Fueled by anger and a fierce love for our city, Me and my childhood friend Yatharth  started a movement. We called ourselves the Guardians of Yamuna. Our protests started from schools and colleges, the numbers started swelling, attracting students, people residing in the slum clusters nearby,local fishermen, and even some shopkeepers who saw their livelihoods threatened by the polluted river.

One afternoon, amidst the roar of slogans and determined faces, a strong voice cut through the noise. It was Vivek Singh, a young student leader and upcoming politician affiliate dto the opposition party known for his clean-cut image and progressive stances. He spoke passionately about environmental protection, his words echoing our demands.

Indian Politics and Indian General Elections 2024

Initially, I was wary. Politicians, in my experience, were all talk and no action. But Vivek Singh seemed different. He met with us later, listened intently to our concerns, and pledged his support. There was a passion in his eyes that attracted people.

Our meetings became more frequent. We’d discuss the complexities of environmental policy, strategies for upcoming protests, and shared a genuine connection that seemed to be more than activism. Vivek wasn’t just interested in the cause; he seemed genuinely interested in me.

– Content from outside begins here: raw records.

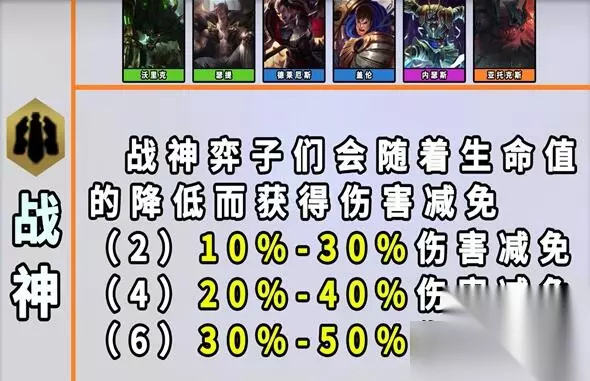 15、战神 效果:【战神】弈子们会随着生命值的降低而获得伤害减免。
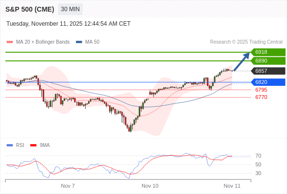 在 6820 之上,看涨,目标价位为 6890 ,然后为 6918 。
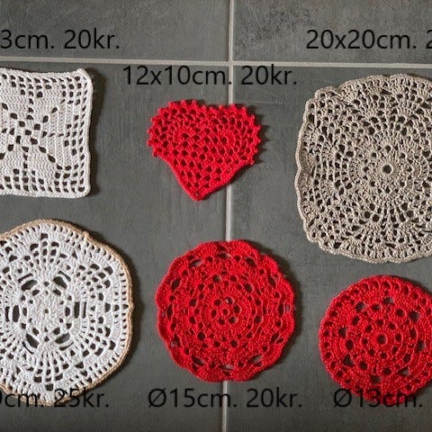 10 hæklede duge flaconer i ferseknfarvet og grøn, hjemmehæklet retro fra 70erne, 10 forskellige duge og flaconer hjemmehæklede i 70erne alle i fin stand . de største over 35 cm i diameter og alle hæklet af min gamle mor i 70erne i merciceret bomuld og bomuld på tynde hæklenåle. sendes for købers regning eller hentes her
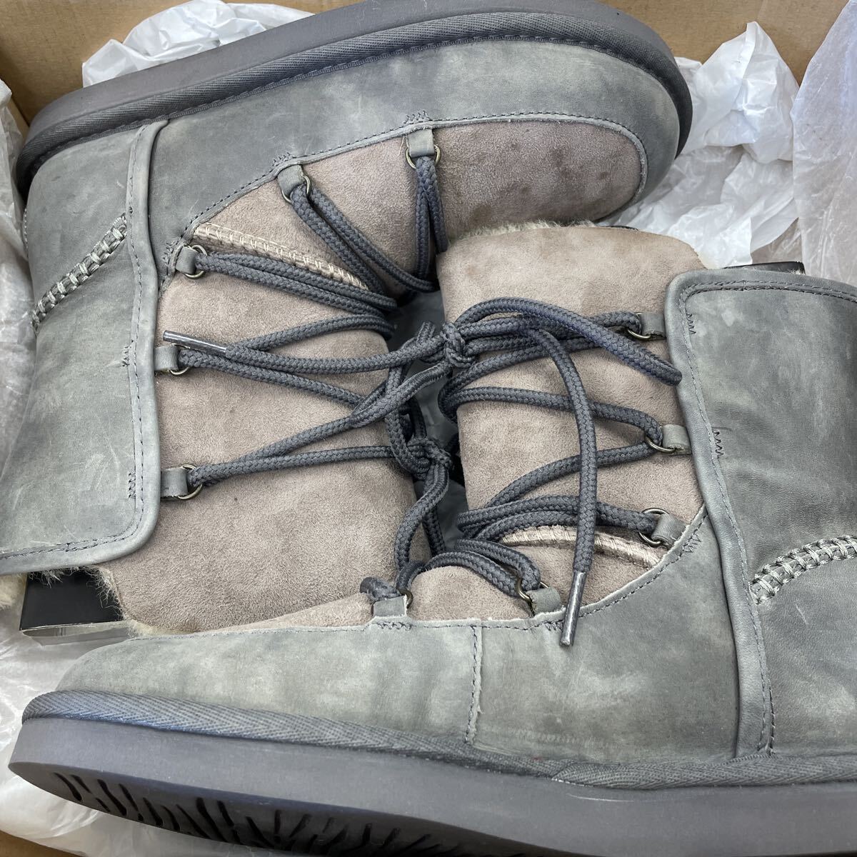 - UGG W LODGDEブーツ ショートブーツ ムートン 靴 ブラック スエード 裏ボア グレー US7 24cm
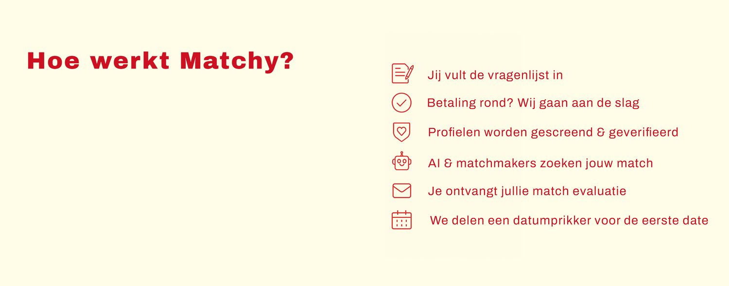 Is het een match, dan regelen wij de connectie. Je vult een datumprikker samen met je match.
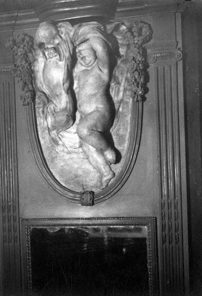 haut-relief : génie portant un cartouche
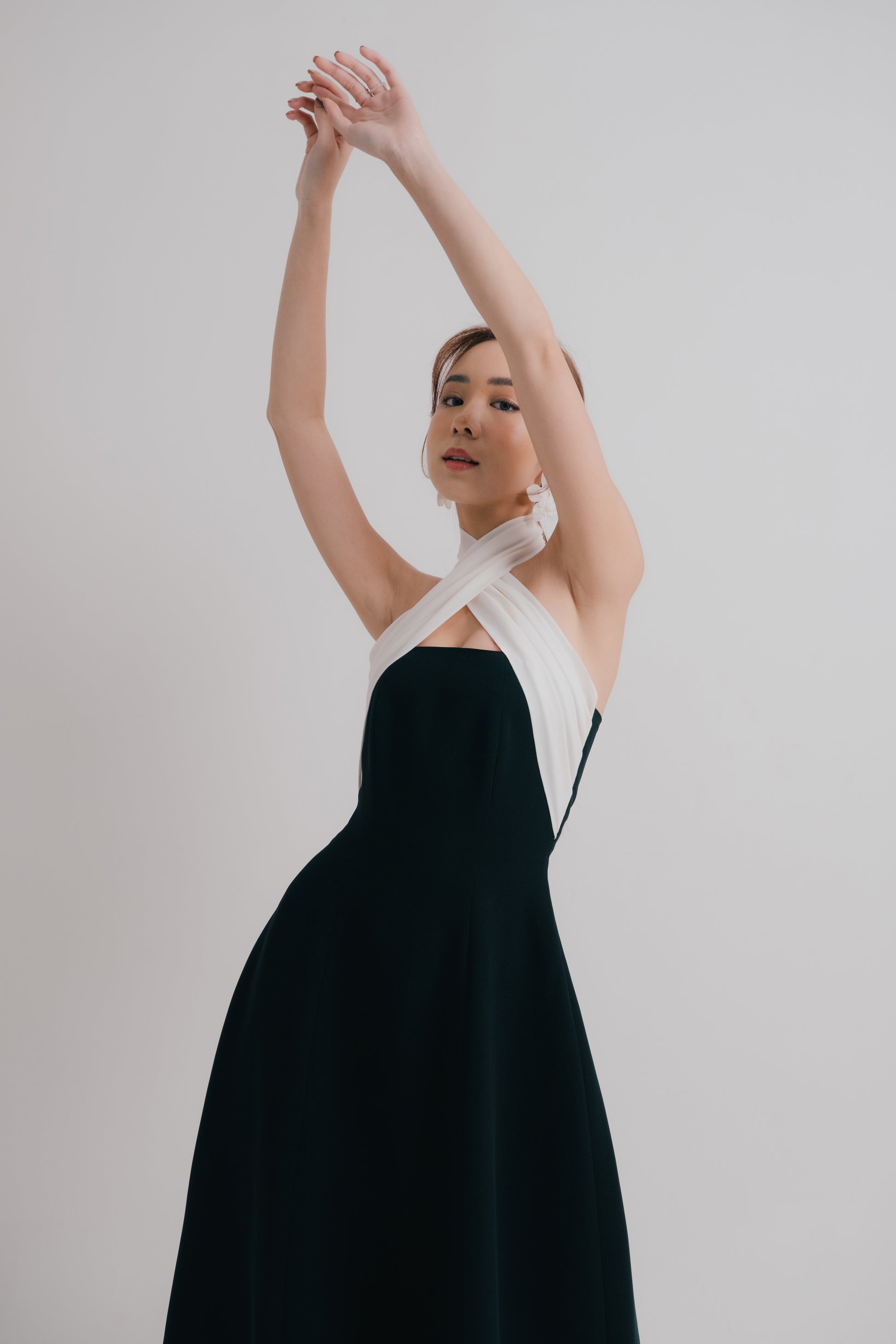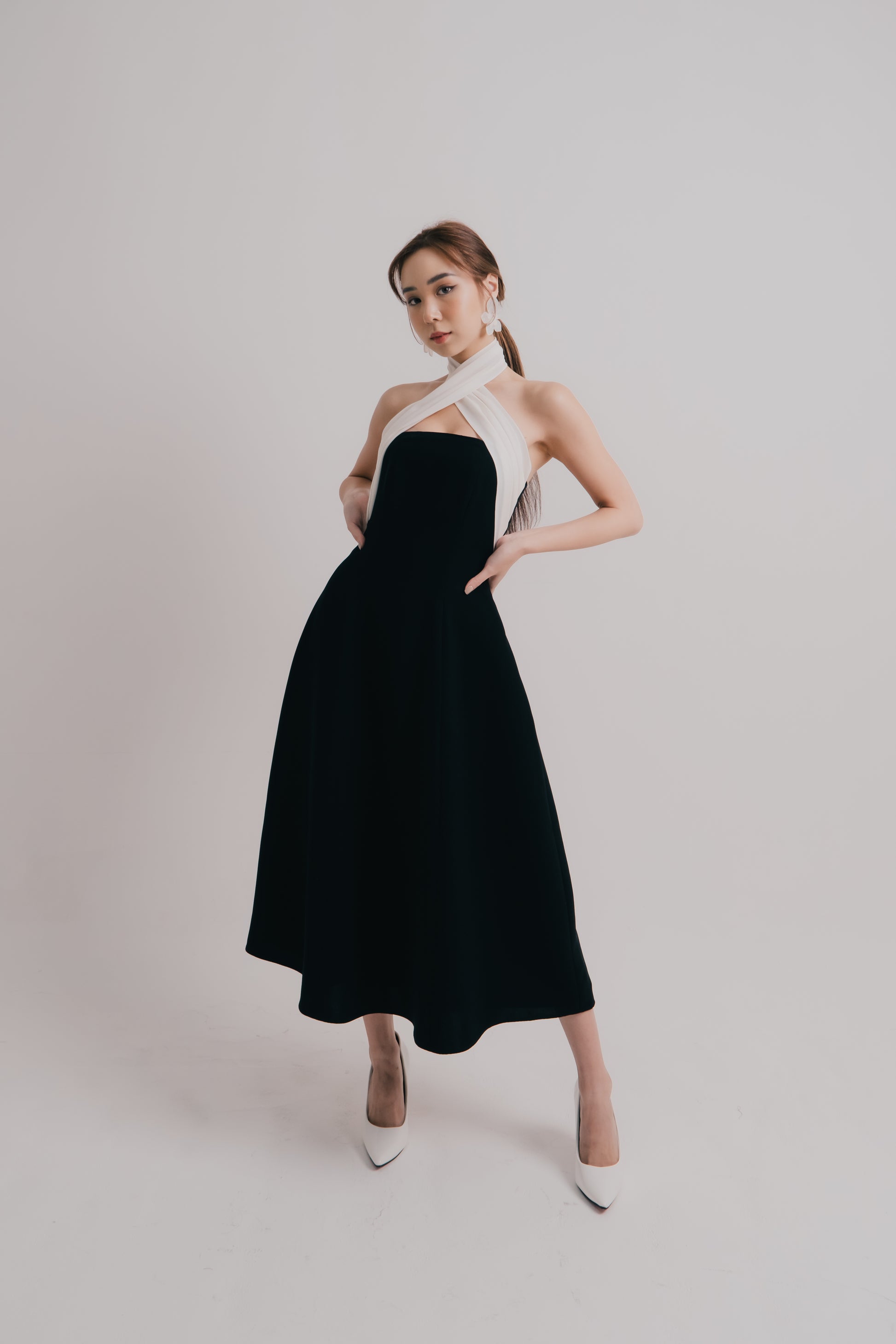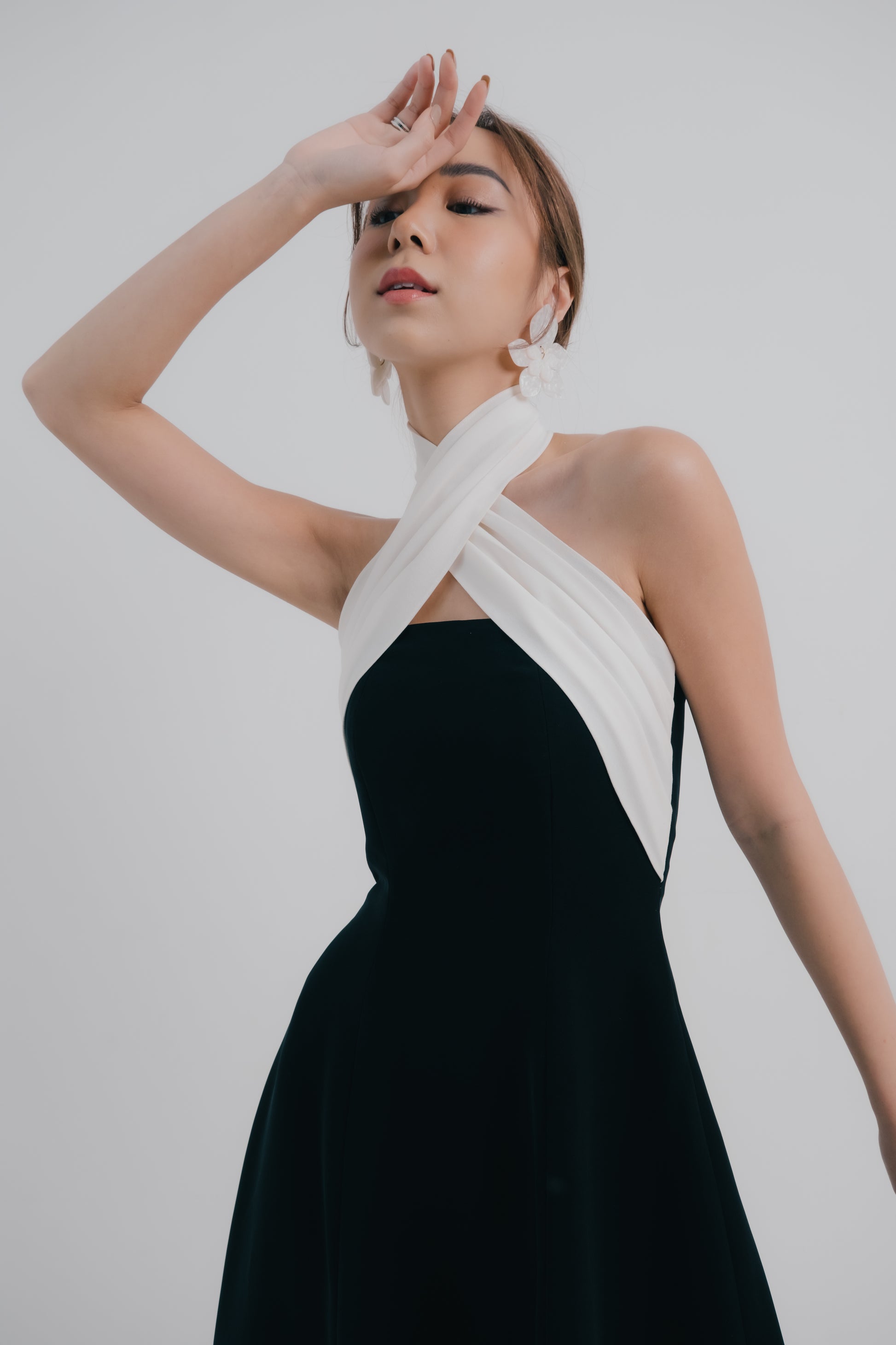 The Blaire Dress features a midi length and halter neck design for an elegant and timeless look. The classic black and white color combination adds sophistication to this versatile piece. The Blaire Dress will elevate your style with its chic and modern features.

Vivek Singh became a fixture at our protests, his presence lending weight and legitimacy to our movement. With his tall frame and youthful looks coupled with powerful oration ,Vivek Singh’s  presence was like a magnet pulling in crowds and he spoke vehemently about cleansing the Yamuna at rallies, his voice amplifying ours.We planned to take a march to the parliament led by Yatharth and me.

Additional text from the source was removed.